Look at this short video:
https://www.youtube.com/watch?v=U39RMUzCjiU
A double pendulum is a chaotic system that is extremely sensitive to an initial state (e.g. the seed state), and the seemingly random motion is very hard to predict/calculate, even though the system still functions within the bounds of physics (e.g. determinism in the case of algorithms).

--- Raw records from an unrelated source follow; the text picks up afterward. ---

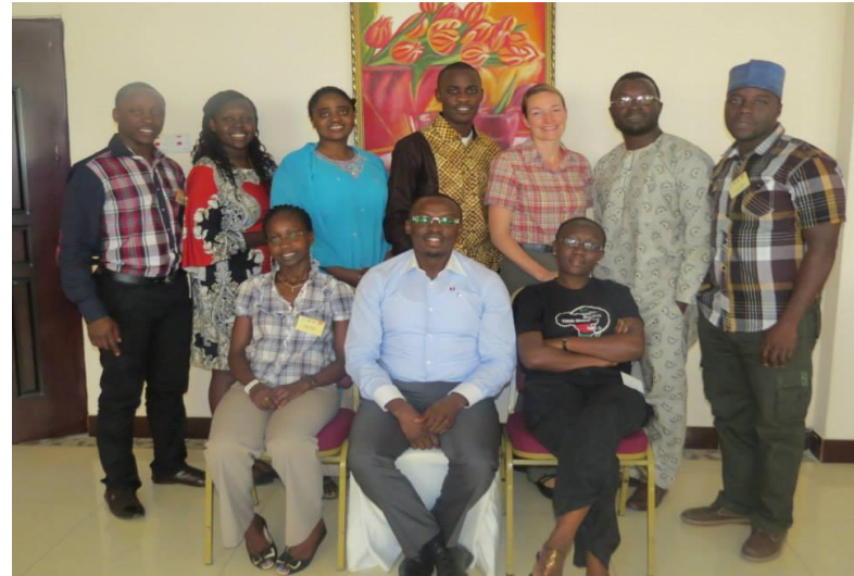
IPPNW Meeting, October, 2013
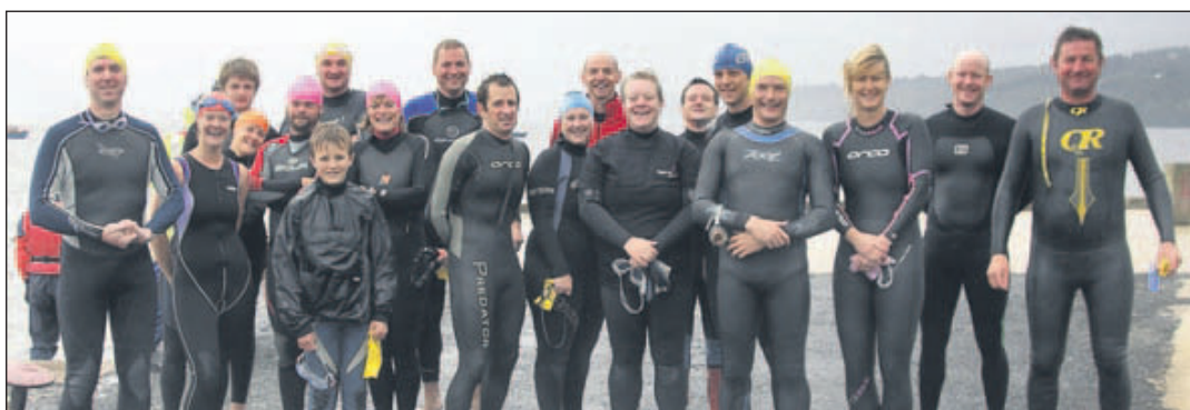
The assembled group of swimmers on Lamlash pier.
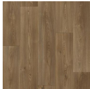
Columbian Oak - 649M
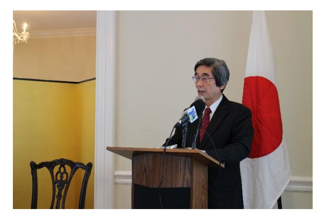
(right) Remarks from Hon. Floyd Green, State Minister in the Ministry of Education, Youth and Information
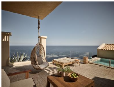
Suite (SeaView, Private Pool)
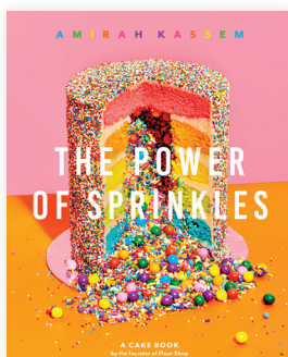
THE POWER OF SPRINKLES
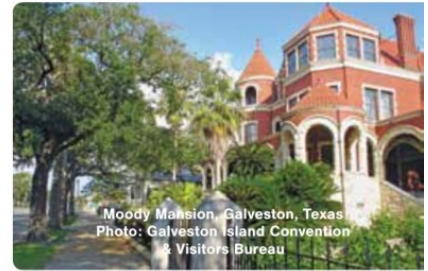
Moody Mansion, Galveston, Texas.
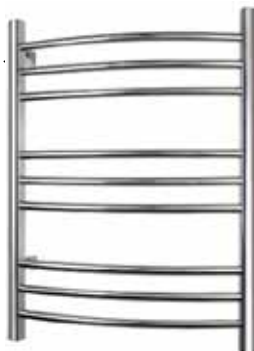
Warmly Yours Riviera towel warmer , Home Depot online only, homedepot.ca
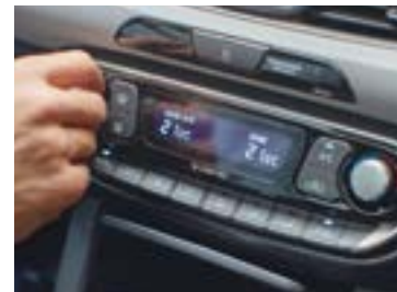
Dual-Zone Climate Control
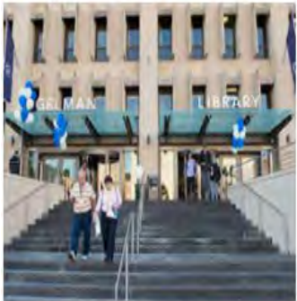
Estelle and Melvin Gelman Library
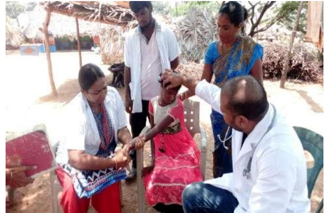
Physiotherapy follow up at Outreach

In 2017, 40 campus children and 160 persons from outreach, in total 200 persons are attending for physiotherapy at Campus itself. Also the medical team along with physiotherapist visits the villages once in a week to give physiotherapy at home. It is vital that children continue to do the exercises and the parents and their relatives also encourage them to do the physiotherapy at their home. Therefore, a booklet has been made for the parents, which includes pictures of all the exercises.
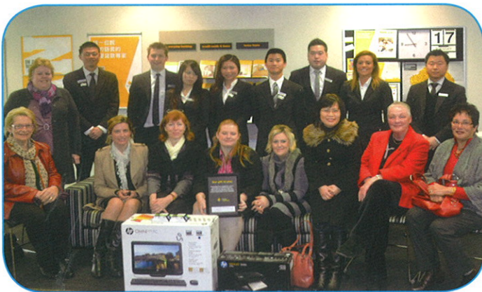
Helping to celebrate 100 years of service, the Eastwood Commonwealth Bank donated a computer and printer to CCA
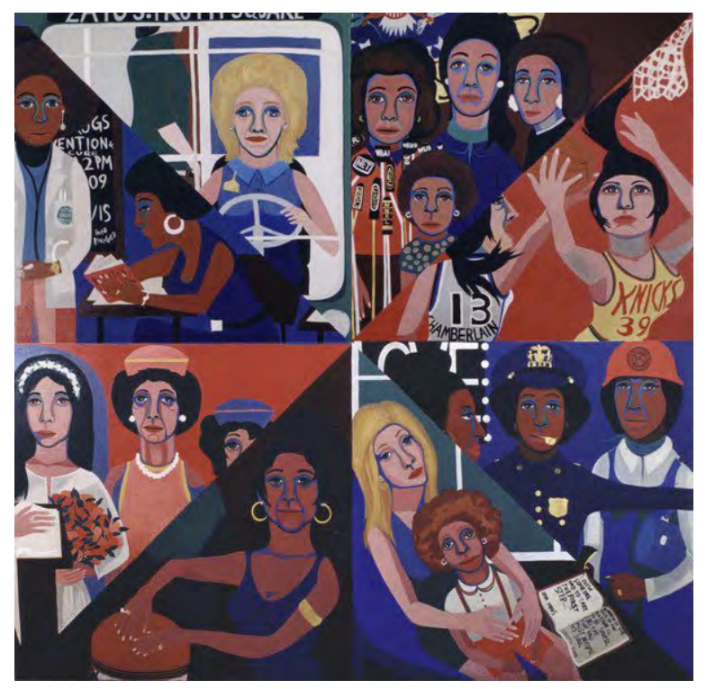
"For the Women's House" by Faith Ringgold, 1971.

Another scene depicts a blonde white woman, whom Ringgold later identified as a lower class woman in her fifties, driving a bus. In the far right corner is the image of a young white woman with her black son reading from a book with quotes from Coretta Scott King and Rosa Parks.
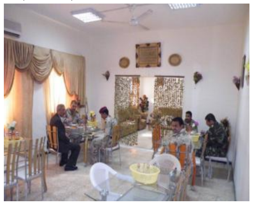
Site Photo 5. Commander's dining area

Because the contract did not provide for furnishings, GRS personnel were not sure if the furnishings were transferred from another facility or purchased by the Government of Iraq. The commander's office and the dining area furnishings appeared functional, but not very durable (Site Photo 5).
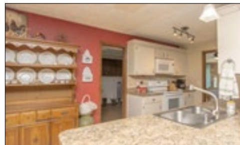
Updated Ranch Style Home Warm and Inviting Open Floor Plan
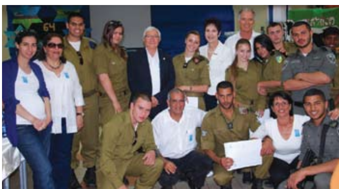
At WIZO Nachlat Yehuda Youth Village on Memorial Day, awarding matriculation certificates to graduates

personal motto: To lead with wisdom and care , not only with chochmat hadaat - 'the wisdom of the mind,' but also with chochmat halev - 'the wisdom of the heart,' sharing, stimulating, delegating authority and caring for the wellbeing of our members and our employees.
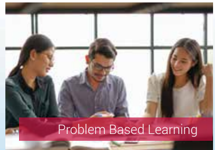
Problem Based Learning
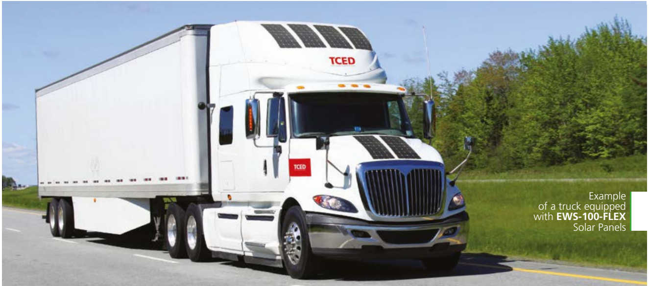
Example of a truck equipped with EWS-100-FLEX Solar Panels
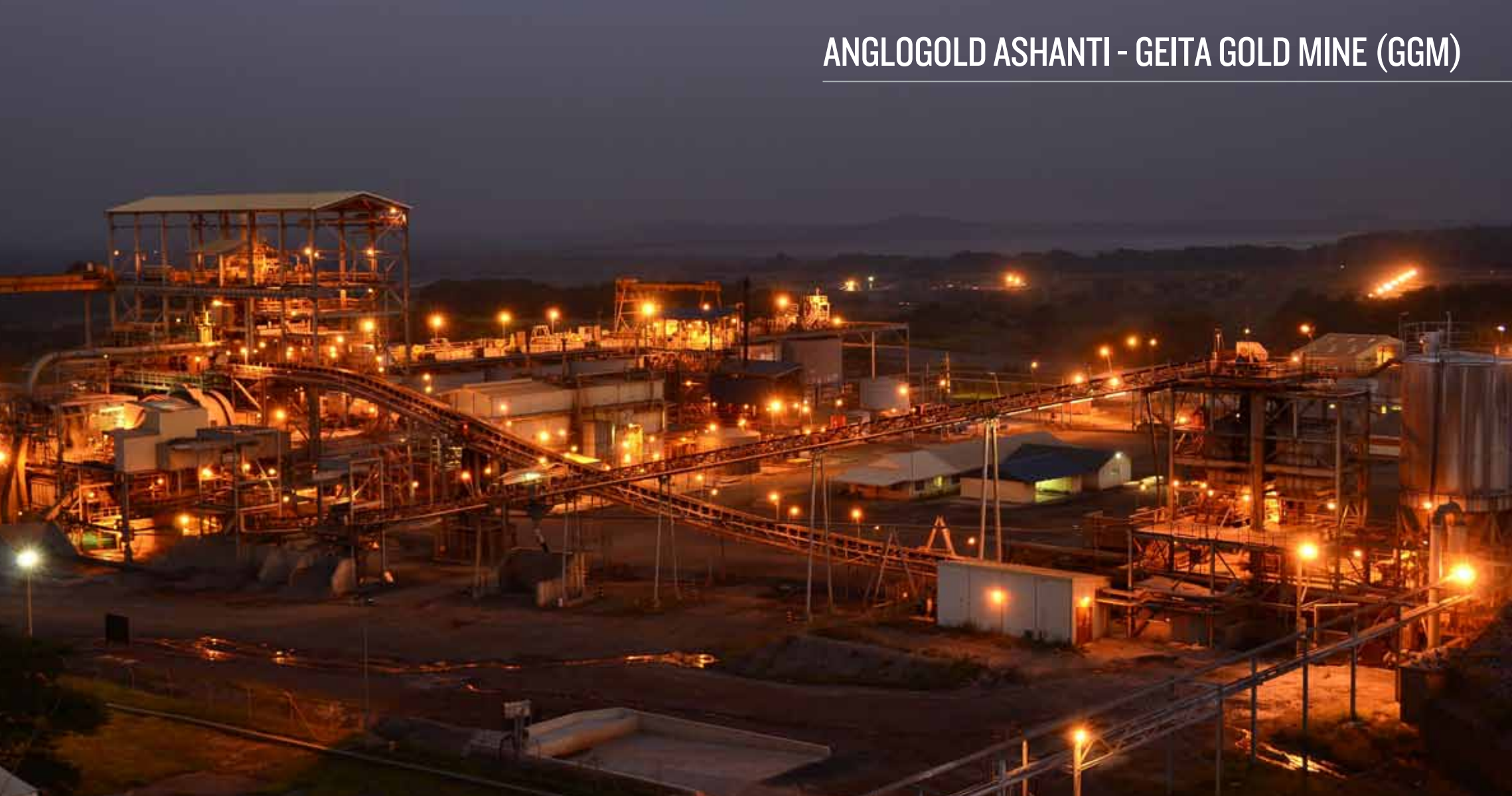
Aerial view of the mining operations

"THE MINE HAS PAID SOME US$683 MILLION IN DIRECT CONTRIBUTIONS TO THE TANZANIAN GOVERNMENT THROUGH TAXES AND ROYALTIES SINCE 2000"

Quote: QFITQuote: lvnewbieIs using it before each use of the Rnd function counterproductive or just unnecessary?
It completely invalidates the algorithm. Basically, you are just using the clock -- which is a lousy source of randomness.
The reason for this is that the lower effort PRNG's seed themselves with only the system time in milliseconds, and many instructions take less than 1 ms to execute. So if you initialize and seed the generator multiple times in succession, you may very well be seeding it with the same value between generating numbers, and getting a recurring pattern of results.